For as long as I can remember, my body and I have shared a relationship of discontent. Growing up, I was skinnier than the other kids and at five I was told I wasn't attractive and that I must put on some weight. But no matter how much I ate, I stayed thin for years until adolescence. Then I started putting on weight almost immediately. I remember feeling happy as I began to fill out. However, my joy didn't last long.
I was thirteen when I was first called fat. Friends and neighbours would make jokes on my big size. As I entered my late teens, I had completely lost confidence in my body and, subsequently, in myself. Having failed to live up to conventional beauty standards, I was convinced that if I wanted to be loved, I needed to offer more, doing anything to please everyone around.
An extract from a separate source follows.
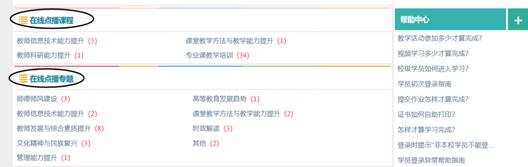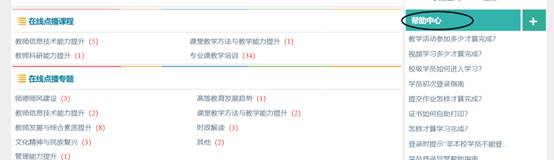 老师在学习过程中如遇到问题,可先查阅网站右侧帮助“帮助中心”,80%的问题都可以在“帮助中心”找到解决办法。

I entered adulthood thinking I wasn't "enough"—an idea that was seeded not only by the fact that "skinny" is celebrated, but also by the language associated with accounts of losing weight—self-improvement, discipline—all virtues. Being fat quickly categorizes you as lazy and undisciplined. Consumed by thoughts of the way my body looked, I didn't notice the other ways my body needed attention. I failed to realize, for example, that my period was much heavier and more painful than ever before. Actually I developed a rare disease and later I had two surgeries.
I was always made to feel that my weight was the root of a lot of problems in my life; I have learnt this is not true. After a lot of self-reflection and some professional help, I realized I never learnt to like myself. While two decades of selfhatred cannot be undone overnight, I have taken first steps to acceptance.
I am now much lighter than before, in body and mind. There are days I find voices on social media saying I am too fat to be loved or to be worthy, but I am learning not to focus on that thought for long. As long as I like myself, just the way I am, opinions at the end of the day are just water off a duck's back.